When StoreHash is true, 32 bits of the hash are stored alongside the values. It can improve the performance during lookups if the KeyEqual function takes time (if it engenders a cache-miss for example) as we then compare the stored hashes before comparing the keys. When tsl::rh::power_of_two_growth_policy is used as GrowthPolicy, it may also speed-up the rehash process as we can avoid to recalculate the hash. When it is detected that storing the hash will not incur any memory penalty due to alignment (i.e. sizeof(tsl::detail_robin_hash::bucket_entry<ValueType, true>) == sizeof(tsl::detail_robin_hash::bucket_entry<ValueType, false>)) and tsl::rh::power_of_two_growth_policy is used, the hash will be stored even if StoreHash is false so that we can speed-up the rehash (but it will not be used on lookups unless StoreHash is true).
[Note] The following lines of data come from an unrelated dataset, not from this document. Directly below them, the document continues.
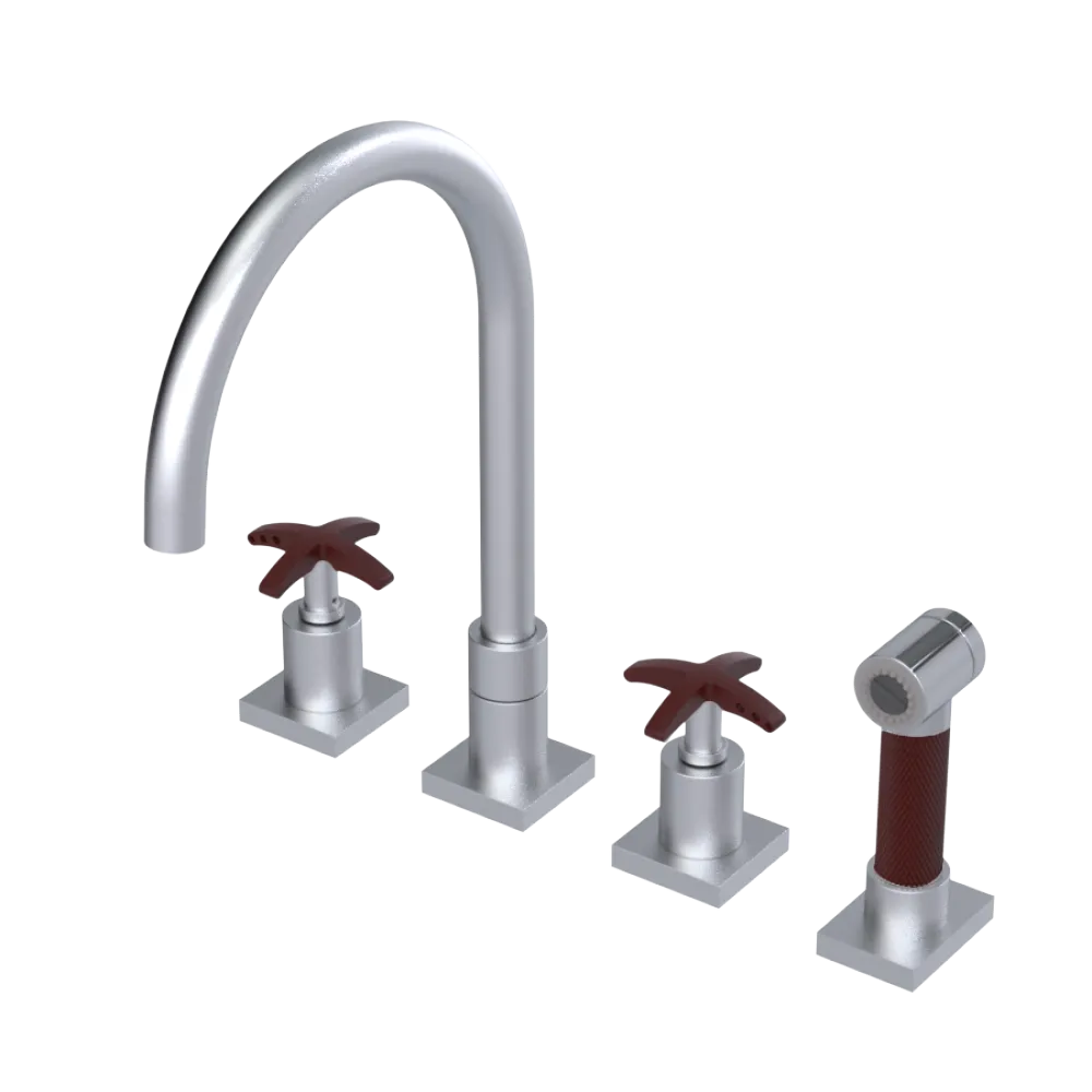 Rubinet Widespread Kitchen Set with Hand Spray Satin Chrome
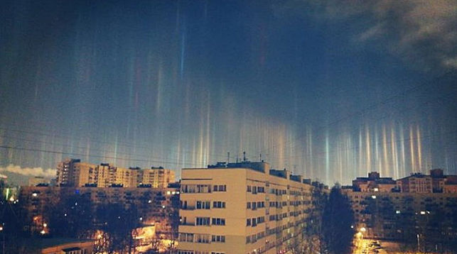 "Вертикальное северное сияние" - так назвали увиденное очевидцы. На самом деле данное погодное явление чаще называют "световой лес". Оно возникает при отрицательных температурах, когда свет не рассеивается в воздухе, а отражается на горизонтальных гранях ледяных кристаллов.
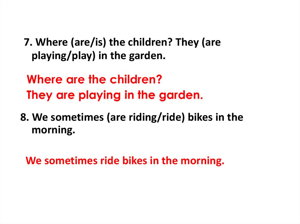 7. Where (are/is) the children? They (areplaying/play) in the garden.
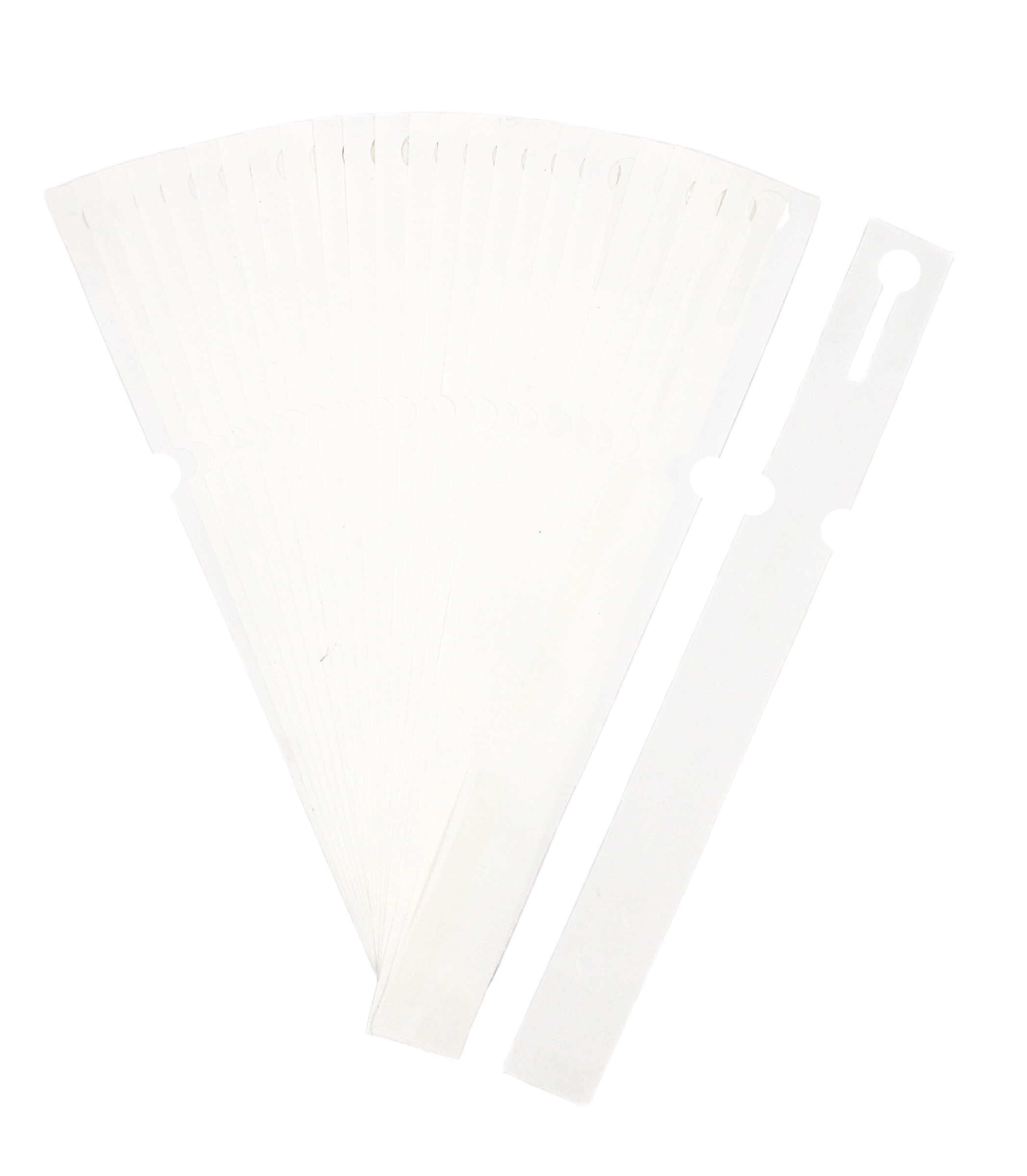 Gładka powierzchnia zapewnia trwałość i czytelność opisu w każdych warunkach. Dzięki elastycznemu kształtowi mocowanie jest szybkie i nie wymaga narzędzi.
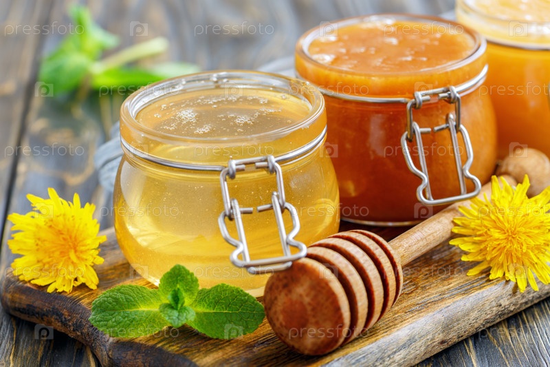 Липовый и гречишный мед в стеклянных банках
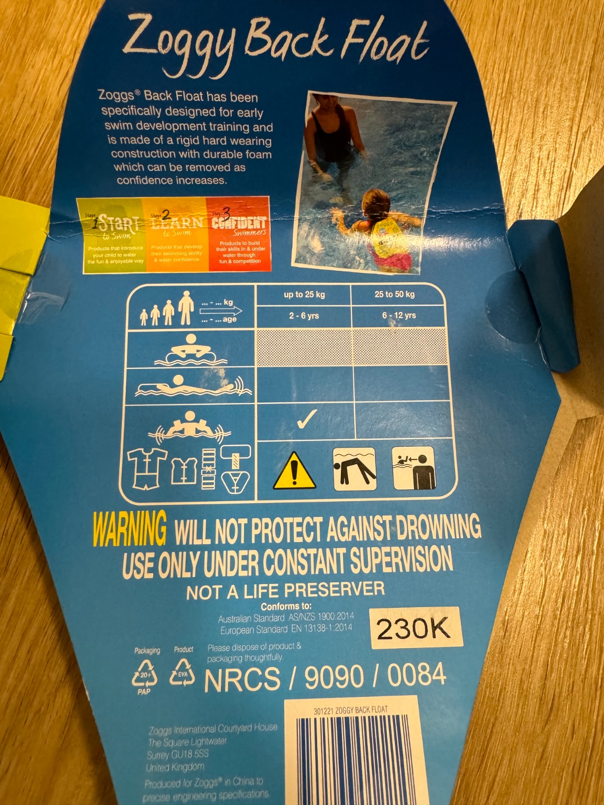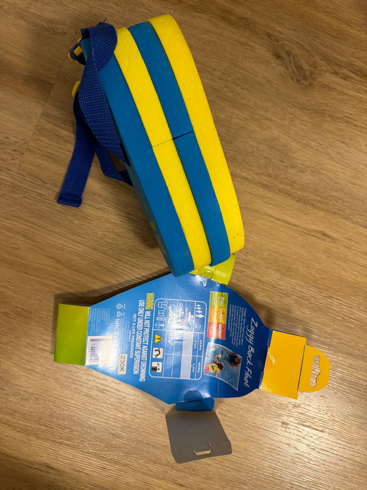 Modrá a žltá so znakmi Zoggy Zoggy Backfloat je navrhnutý tak, aby vytváral vztlak, zatiaľ čo sa vaše dieťa aktívne snaží plávať, má odnímateľné vrstvy, ktoré vám umožňujú odstrániť jednu vrstvu naraz, keď vaše dieťa získa dôveru vo vodu aby ste mohli znížiť vztlak
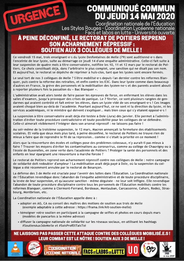 L’enquête administrative contre 3 enseignant-es qui avaient protesté contre le nouveau bac E3C en début d’année 2020 est relancée dès la 1ère semaine de déconfinement et d’organisation de la « réouverture » des écoles . Les services académiques ont décidément de bien étranges priorités…
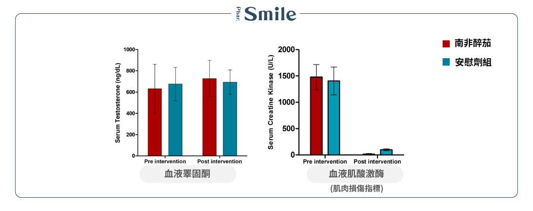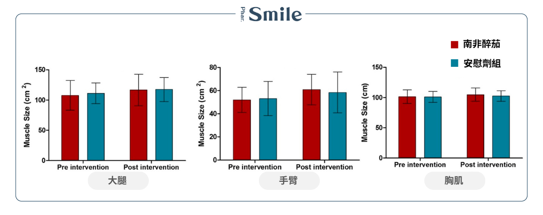 2015年前瞻性隨機雙盲安慰劑對照試驗,收錄50名健康成年男女運動員,隨機分成實驗組(每日兩次,每次300毫克南非醉茄根萃取物)或安慰劑對照組,介入12週。研究結果顯示,與安慰劑組相比,南非醉茄介入組顯著增加最大攝氧量(VO2max)並改善運動員的生活品質。研究結果表明,南非醉茄根萃取物能夠增強健康成年運動員的心肺耐力並改善其生活品質【7】。而2020年的系統性回顧及統合分析結果顯示,南非醉茄能顯著提高健康成年人和運動員的最大攝氧量VO2max(p = 0.04),平均差異為 3.00(95% 信賴區間為 0.18 至 5.82),異質性較高【20】。2015年前瞻性隨機雙盲安慰劑對照試驗,收錄57名健康成年男受試者,隨機分成實驗組(每日兩次,每次300毫克南非醉茄根萃取物)或安慰劑對照組,並接受肌肉阻力訓練,為期8週。研究結果發現,相較於安慰劑組,服用南非醉茄受試者在肌力、肌量及睪固酮的增加程度明顯較佳,體脂下降效果也較佳,而且訓練時肌肉損程度明顯較小【21】。2025年隨機安慰劑對試研究,探討了南非醉茄對職業女運動員運動恢復和肌肉力量的影響。共收錄30位女足球員,評估每天補充600毫克南非醉茄或安慰劑,持續28天。研究結果顯示,南非醉茄可以改善女性足球員的總恢復品質,並提升主觀感受的睡眠品質【22】。
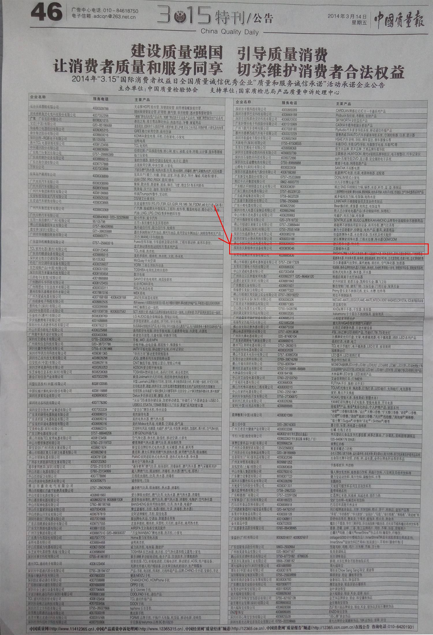《中國(guó)質(zhì)量報(bào)》“3.15特刊”46版參考連接:http://epaper.cqn.com.cn/html/2014-03/14/content_196055.htm#
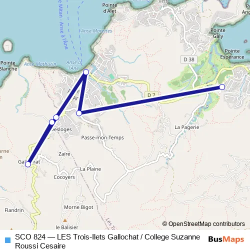 Click here to view the nearest SCO 824 - LES Trois-Ilets Gallochat / College Suzanne Roussi Cesaire bus stop.
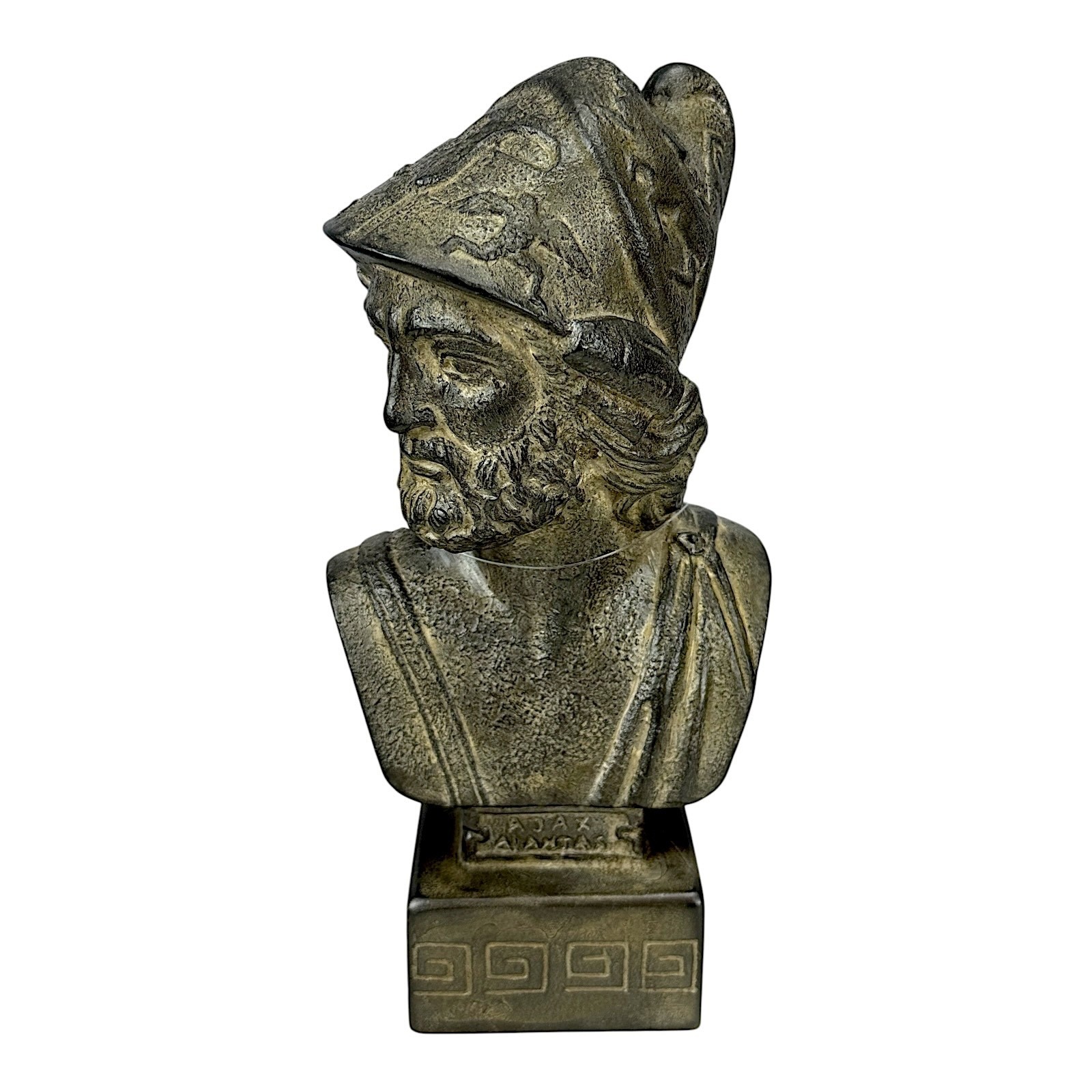 This detailed sculpture represents Ajax the Great, the heroic figure from Homer's Iliad, known for his towering courage and warrior spirit. Handmade and hand-painted in Greece using 100% natural non-toxic hard plaster with no chemical additives.
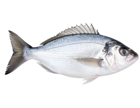 A pristine, silvery fish with distinct fins and scales, ready for culinary preparation.
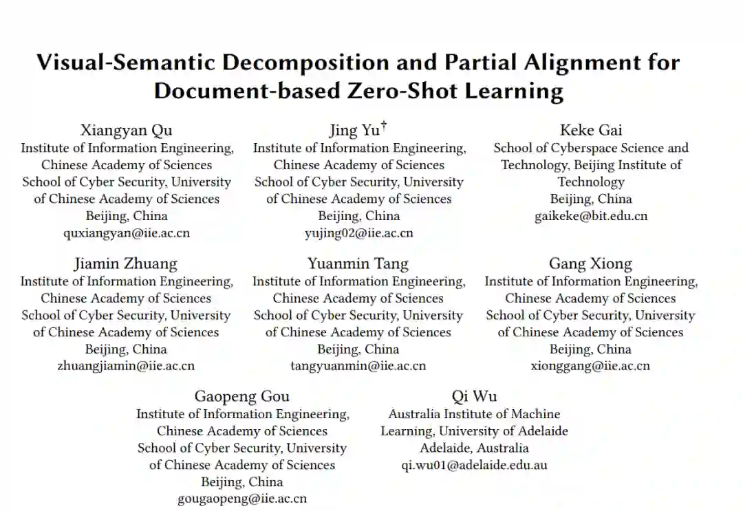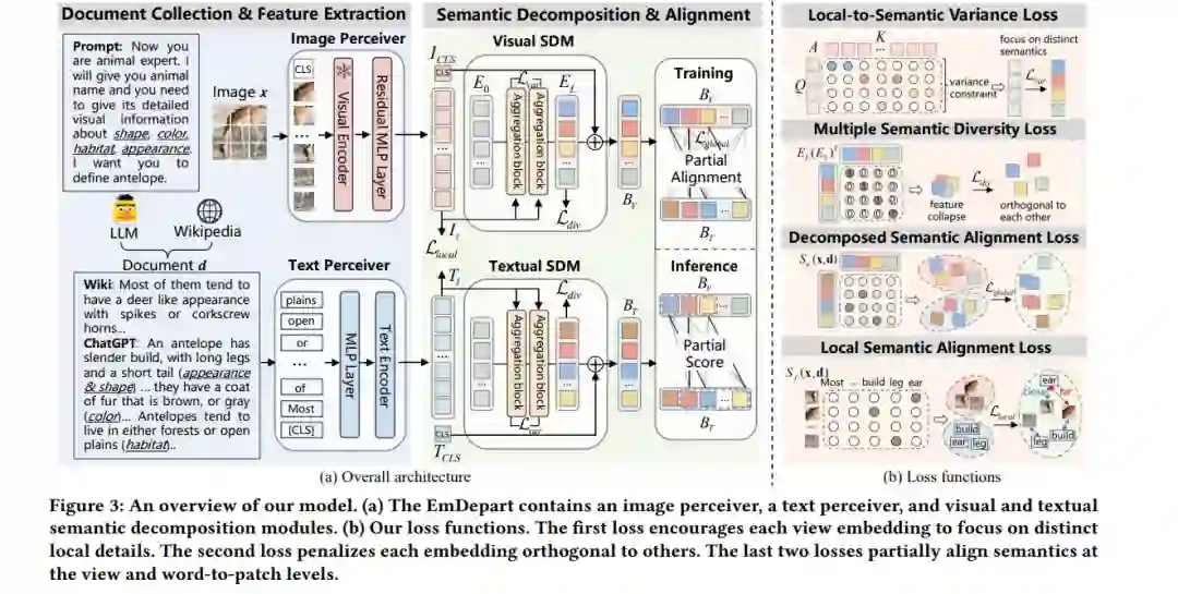 最近的研究表明,百科全书中的文档作为辅助信息对零样本学习非常有帮助。现有方法通过将整个文档的语义与相应的图像对齐来传递知识。然而,这些方法忽略了语义信息在两者之间并不等价,导致次优的对齐效果。在本研究中,我们提出了一种新颖的网络,从文档和图像中提取多视角的语义概念,并对匹配的部分概念进行对齐,而不是整个概念。具体来说,我们提出了一个语义分解模块,从视觉和文本方面生成多视角的语义嵌入,为部分对齐提供基本概念。为了缓解嵌入中的信息冗余问题,我们提出了局部到语义方差损失,以捕捉不同的局部细节,并提出多语义多样性损失,以在嵌入之间强制正交性。随后,引入了两种损失,根据它们在视图和词到片段级别的语义相关性,部分对齐视觉-语义嵌入对。因此,我们在三种标准基准测试的两个文档来源下,一直优于最新的方法。在定性方面,我们表明我们的模型学习到了可解释的部分关联。代码可在此获取。
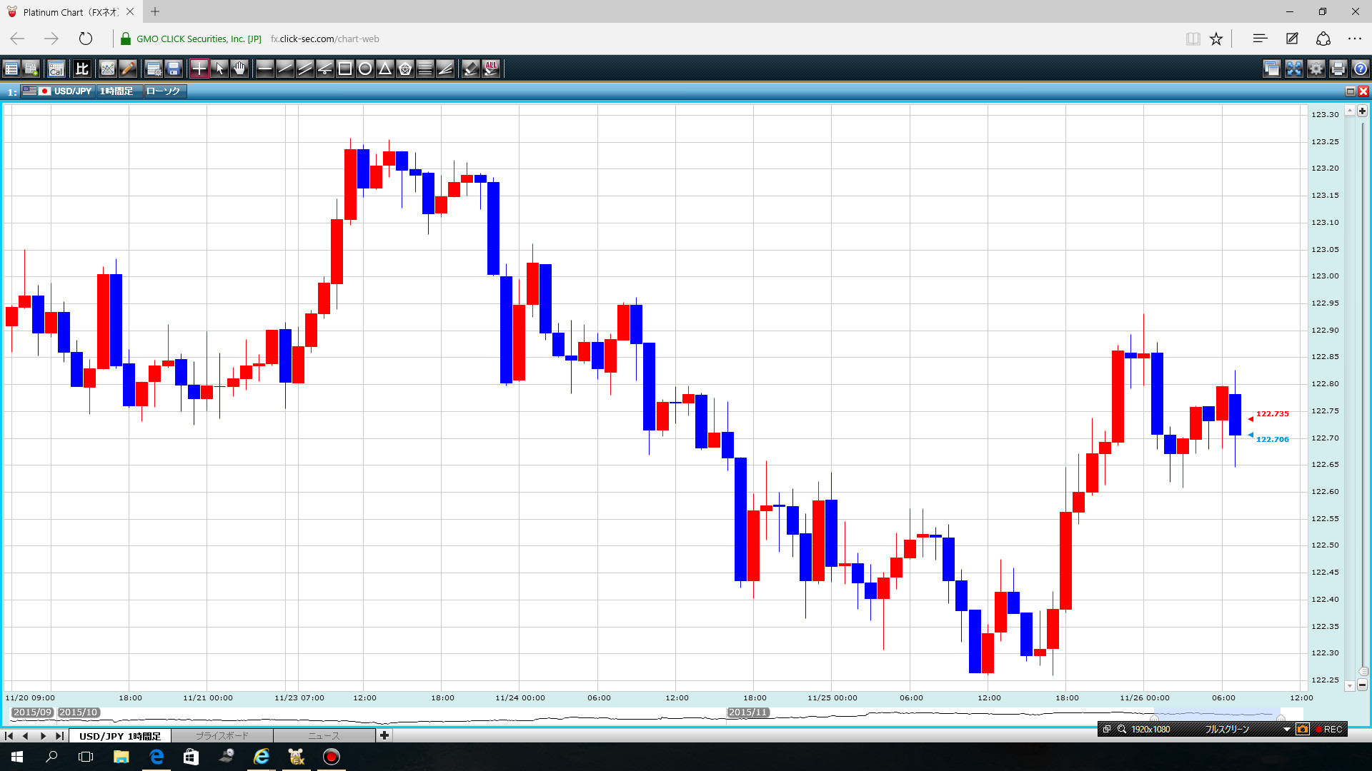 ドル/円(1h足)
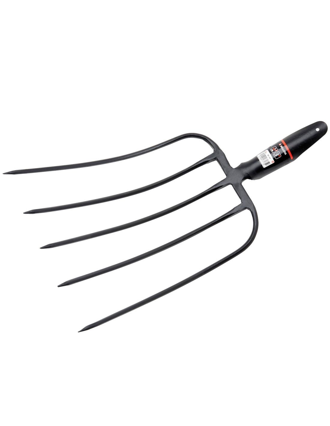 Horca de cinco púas fabricada en acero especial y forjada en una sola pieza para recoger heno y estiércol. Cubo de enmangado reforzado para una perfecta unión.
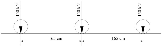 The design train load, also known as the dynamic support point force, is the force acting on the bearer that produces the design moment. In bending moment tests, the concrete bearer must withstand the design moment without forming cracks. The design train load configuration is shown in Figure 6. The dynamic rail seat load was calculated based on [18] as

GrowthPolicy defines how the map grows and consequently how a hash value is mapped to a bucket. By default the map uses tsl::rh::power_of_two_growth_policy. This policy keeps the number of buckets to a power of two and uses a mask to map the hash to a bucket instead of the slow modulo. Other growth policies are available and you may define your own growth policy, check tsl::rh::power_of_two_growth_policy for the interface.
std::pair<Key, T> must be swappable.
Key and T must be copy and/or move constructible.
If the destructor of Key or T throws an exception, the behaviour of the class is undefined.
Iterators invalidation:
clear, operator=, reserve, rehash: always invalidate the iterators.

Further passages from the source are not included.